Durante estos años, la mala suerte, la sangría de patadas y las lesiones que ha cosechado Neymar nos ha hecho perdernos el máximo potencial de un futbolista histórico. Así, ha jugado parcialmente o tocado el Mundial 2014 de Brasil, el Mundial 2018 de Rusia, la Copa de Europa 2018, la Copa de Europa 2019 y Copa América 2019. El PSG nunca había alcanzado la final de la Champions League en ocho temporadas desde que el jeque realizara su aportación millonaria. Hasta que llegó Neymar y lo consiguiera la primera vez que estuvo sano. No es casualidad ni una moneda de cara a consecuencia del nuevo formato. Es el resultado de tener a uno de los tres mejores jugadores del mundo y al más desequilibrante en tu equipo.

El brasileño no estuvo atinado en la definición ni ante el Bayern de Múnich ni en esta fase final, pero eso no debería tapar el volumen de ocasiones y el arsenal de fútbol que ha gestado para su equipo.
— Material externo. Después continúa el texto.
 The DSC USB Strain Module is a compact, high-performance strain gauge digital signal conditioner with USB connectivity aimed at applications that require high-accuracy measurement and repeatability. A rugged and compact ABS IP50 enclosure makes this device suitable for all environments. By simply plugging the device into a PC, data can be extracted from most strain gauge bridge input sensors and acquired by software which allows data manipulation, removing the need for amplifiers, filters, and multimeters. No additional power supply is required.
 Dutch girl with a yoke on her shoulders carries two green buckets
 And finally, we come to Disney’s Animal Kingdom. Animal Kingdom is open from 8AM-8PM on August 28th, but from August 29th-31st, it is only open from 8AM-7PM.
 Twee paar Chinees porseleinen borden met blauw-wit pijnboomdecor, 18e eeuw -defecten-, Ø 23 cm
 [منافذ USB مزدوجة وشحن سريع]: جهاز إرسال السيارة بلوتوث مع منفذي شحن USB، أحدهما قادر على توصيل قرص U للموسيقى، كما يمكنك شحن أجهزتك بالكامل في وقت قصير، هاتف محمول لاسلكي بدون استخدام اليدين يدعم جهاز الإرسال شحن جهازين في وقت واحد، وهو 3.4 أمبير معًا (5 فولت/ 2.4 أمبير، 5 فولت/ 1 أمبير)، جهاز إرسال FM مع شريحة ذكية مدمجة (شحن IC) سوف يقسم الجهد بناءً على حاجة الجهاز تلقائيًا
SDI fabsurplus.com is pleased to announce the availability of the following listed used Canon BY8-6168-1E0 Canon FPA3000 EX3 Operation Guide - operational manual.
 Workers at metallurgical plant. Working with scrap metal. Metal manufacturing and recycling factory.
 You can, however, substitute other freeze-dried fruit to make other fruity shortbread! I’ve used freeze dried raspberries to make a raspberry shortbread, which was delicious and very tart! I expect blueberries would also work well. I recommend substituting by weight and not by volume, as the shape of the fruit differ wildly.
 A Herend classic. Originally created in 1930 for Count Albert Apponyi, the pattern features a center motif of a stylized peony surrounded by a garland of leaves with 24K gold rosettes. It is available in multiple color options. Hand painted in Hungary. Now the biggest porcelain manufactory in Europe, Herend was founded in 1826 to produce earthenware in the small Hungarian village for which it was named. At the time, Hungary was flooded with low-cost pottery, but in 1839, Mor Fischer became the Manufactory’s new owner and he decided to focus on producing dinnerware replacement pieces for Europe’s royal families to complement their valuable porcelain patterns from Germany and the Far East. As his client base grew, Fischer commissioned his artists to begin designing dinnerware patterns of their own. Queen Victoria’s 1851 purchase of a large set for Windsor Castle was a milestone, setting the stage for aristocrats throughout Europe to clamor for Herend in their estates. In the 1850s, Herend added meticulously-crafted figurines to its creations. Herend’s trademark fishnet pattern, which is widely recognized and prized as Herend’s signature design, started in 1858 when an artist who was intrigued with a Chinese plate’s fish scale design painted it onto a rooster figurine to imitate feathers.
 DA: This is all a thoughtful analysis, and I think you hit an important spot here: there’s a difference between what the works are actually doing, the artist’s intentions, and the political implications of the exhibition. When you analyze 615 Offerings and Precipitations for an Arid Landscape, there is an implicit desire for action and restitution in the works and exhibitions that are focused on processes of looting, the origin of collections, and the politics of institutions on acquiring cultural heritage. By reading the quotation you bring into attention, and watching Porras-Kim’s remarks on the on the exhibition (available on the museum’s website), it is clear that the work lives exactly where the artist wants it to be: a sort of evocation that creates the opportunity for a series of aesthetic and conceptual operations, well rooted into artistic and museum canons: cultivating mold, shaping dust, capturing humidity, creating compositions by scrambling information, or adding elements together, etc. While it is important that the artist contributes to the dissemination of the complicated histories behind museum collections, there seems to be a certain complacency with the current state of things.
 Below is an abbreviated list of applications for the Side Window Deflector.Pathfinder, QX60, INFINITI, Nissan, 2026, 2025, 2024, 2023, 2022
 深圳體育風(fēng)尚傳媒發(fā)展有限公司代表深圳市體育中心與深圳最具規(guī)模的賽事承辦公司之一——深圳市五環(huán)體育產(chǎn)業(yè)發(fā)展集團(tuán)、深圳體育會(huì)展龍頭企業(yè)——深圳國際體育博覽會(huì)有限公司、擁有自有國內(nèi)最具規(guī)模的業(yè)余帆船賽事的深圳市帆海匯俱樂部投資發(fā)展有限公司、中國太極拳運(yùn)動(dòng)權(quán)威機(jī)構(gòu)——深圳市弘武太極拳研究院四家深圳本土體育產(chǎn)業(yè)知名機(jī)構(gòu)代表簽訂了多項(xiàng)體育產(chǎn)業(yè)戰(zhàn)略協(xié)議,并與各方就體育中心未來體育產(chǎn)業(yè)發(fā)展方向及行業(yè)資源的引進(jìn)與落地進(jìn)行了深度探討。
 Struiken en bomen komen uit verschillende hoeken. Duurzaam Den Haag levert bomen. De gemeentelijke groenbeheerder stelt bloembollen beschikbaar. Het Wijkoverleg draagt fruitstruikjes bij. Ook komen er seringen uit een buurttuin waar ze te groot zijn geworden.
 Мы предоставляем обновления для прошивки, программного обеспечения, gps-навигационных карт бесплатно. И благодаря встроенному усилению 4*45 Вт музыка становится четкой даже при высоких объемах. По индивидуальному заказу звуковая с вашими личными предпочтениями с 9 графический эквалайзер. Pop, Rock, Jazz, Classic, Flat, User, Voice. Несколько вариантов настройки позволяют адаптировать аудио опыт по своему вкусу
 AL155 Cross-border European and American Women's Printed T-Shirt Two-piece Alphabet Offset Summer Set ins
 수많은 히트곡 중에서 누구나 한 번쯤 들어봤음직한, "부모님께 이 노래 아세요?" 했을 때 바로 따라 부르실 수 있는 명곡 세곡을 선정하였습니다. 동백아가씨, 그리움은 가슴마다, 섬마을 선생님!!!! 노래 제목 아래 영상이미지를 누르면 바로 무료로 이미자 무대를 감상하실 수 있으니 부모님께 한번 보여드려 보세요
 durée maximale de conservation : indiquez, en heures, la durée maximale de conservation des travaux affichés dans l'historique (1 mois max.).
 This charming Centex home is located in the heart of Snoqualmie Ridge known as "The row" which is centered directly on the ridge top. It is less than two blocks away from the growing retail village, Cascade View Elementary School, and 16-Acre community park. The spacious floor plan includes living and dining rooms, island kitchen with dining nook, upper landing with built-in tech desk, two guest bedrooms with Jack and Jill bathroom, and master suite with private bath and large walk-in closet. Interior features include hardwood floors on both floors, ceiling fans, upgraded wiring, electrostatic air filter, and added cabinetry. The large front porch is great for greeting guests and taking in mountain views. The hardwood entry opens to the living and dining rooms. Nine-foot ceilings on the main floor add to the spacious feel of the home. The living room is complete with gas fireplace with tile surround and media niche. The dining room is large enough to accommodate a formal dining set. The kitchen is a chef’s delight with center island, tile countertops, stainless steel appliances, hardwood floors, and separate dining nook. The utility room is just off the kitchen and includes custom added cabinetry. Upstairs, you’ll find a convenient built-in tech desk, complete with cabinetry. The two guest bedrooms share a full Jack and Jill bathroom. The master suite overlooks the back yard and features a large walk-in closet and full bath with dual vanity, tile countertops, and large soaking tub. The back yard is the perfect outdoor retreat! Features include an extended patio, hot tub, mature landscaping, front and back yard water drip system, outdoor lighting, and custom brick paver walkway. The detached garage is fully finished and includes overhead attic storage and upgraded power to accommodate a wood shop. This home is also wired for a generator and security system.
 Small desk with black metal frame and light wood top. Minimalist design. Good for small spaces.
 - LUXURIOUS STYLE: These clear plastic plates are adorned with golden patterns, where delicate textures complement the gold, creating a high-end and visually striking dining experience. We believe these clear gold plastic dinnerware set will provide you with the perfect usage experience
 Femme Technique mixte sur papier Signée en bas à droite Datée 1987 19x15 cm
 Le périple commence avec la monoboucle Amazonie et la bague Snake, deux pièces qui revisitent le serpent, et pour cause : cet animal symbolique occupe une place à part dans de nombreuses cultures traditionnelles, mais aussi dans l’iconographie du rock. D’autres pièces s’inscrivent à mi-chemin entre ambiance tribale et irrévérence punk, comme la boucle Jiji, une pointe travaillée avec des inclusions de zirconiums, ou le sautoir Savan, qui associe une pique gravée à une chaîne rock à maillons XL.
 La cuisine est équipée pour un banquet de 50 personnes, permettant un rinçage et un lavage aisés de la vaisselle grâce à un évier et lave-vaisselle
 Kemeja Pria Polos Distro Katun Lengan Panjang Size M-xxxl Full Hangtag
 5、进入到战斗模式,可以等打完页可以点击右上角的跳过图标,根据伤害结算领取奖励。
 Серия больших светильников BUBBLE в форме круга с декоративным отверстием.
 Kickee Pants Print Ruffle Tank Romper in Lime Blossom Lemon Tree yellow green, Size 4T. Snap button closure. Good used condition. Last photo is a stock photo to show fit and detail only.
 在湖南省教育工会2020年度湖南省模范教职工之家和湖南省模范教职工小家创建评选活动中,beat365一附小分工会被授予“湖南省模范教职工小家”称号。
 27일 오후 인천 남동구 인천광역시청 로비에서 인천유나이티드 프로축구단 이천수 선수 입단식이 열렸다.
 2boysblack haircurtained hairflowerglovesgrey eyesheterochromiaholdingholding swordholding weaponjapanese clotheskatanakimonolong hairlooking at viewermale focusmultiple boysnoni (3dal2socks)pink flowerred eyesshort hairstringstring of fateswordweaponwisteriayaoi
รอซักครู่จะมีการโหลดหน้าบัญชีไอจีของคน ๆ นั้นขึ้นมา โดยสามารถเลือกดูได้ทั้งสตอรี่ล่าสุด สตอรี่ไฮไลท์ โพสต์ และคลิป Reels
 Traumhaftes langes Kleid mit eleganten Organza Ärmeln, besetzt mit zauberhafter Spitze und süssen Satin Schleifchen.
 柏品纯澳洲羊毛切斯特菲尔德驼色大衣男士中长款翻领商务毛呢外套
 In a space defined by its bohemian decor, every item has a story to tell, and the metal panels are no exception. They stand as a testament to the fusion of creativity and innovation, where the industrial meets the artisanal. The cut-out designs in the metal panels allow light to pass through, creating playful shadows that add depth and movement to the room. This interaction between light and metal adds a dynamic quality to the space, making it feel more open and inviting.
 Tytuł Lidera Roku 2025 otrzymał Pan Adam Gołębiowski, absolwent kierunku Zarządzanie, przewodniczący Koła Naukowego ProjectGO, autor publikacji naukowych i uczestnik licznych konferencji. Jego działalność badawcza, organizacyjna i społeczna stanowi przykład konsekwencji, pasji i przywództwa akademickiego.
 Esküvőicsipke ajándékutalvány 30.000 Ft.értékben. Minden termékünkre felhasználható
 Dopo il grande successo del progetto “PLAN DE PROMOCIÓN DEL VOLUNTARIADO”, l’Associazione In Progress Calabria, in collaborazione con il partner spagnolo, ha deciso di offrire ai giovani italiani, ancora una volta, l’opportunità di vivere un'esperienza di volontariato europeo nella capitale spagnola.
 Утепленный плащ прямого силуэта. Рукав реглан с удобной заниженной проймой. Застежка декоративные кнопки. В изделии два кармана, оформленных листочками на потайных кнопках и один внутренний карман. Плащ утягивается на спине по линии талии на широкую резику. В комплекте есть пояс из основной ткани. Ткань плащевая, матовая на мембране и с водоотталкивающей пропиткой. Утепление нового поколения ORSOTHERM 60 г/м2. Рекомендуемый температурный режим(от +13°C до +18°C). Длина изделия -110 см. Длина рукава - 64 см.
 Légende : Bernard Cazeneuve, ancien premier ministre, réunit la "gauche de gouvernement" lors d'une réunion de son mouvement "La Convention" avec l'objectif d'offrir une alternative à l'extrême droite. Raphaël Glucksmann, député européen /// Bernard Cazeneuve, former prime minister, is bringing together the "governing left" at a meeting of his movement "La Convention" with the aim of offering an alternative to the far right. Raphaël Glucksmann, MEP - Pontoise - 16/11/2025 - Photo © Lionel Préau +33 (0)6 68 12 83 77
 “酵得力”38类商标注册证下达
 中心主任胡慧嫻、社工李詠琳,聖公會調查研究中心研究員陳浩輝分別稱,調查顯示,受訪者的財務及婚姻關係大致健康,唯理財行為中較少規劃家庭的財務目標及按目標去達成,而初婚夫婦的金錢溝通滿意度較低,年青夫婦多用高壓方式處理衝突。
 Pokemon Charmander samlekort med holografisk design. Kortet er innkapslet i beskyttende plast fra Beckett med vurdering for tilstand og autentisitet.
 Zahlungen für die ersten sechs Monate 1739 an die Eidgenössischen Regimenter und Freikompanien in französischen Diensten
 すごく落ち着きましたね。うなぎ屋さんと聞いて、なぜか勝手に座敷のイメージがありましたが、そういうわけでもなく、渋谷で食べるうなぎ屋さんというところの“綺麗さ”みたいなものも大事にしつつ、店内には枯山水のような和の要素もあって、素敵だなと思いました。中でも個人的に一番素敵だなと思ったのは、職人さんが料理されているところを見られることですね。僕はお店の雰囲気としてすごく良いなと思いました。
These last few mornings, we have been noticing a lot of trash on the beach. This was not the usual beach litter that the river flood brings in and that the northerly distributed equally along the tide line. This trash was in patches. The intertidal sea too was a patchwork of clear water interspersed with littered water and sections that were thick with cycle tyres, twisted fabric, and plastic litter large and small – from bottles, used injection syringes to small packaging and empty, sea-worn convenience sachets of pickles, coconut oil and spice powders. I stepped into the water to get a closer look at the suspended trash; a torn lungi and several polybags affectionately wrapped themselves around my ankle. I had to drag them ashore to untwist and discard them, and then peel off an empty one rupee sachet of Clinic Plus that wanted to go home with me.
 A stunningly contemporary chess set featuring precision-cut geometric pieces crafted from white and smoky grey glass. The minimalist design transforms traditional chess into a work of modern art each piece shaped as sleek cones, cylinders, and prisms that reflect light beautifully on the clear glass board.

Tampoco la demostración de liderazgo frente a un Kylian Mbappé que se encuentra muy cómodo a la sombra del ‘10’. Al brasileño no le ha matado (solo) el poco acierto en área rival en esta final, sino la soledad en el ataque parisino y la falta de cintura de su entrenador para dibujarle el mejor ecosistema posible donde mostrar su torrente de fútbol.

En los próximos días tendremos que leer críticas voraces contra Neymar. “Fue ridículo, no apareció en toda la fase final”, “de nuevo no marcó la diferencia” y la más nostálgica “jamás se tuvo que ir del Barça”. Y es que, a sus 28 años, Neymar ya no solo se enfrenta contra los rivales, las expectativas, la historia y el tiempo; también lo hace contra una opinión pública que vuelca sus frustraciones en su alegría y que solo es feliz cuando el genio brasileño derrama sus lágrimas sobre el césped. Es momento de que sus críticos aprovechen y se regocijen en la derrota, porque Neymar no tardará en volver a levantarse y acercar a su equipo hacia la victoria. Como siempre ha hecho.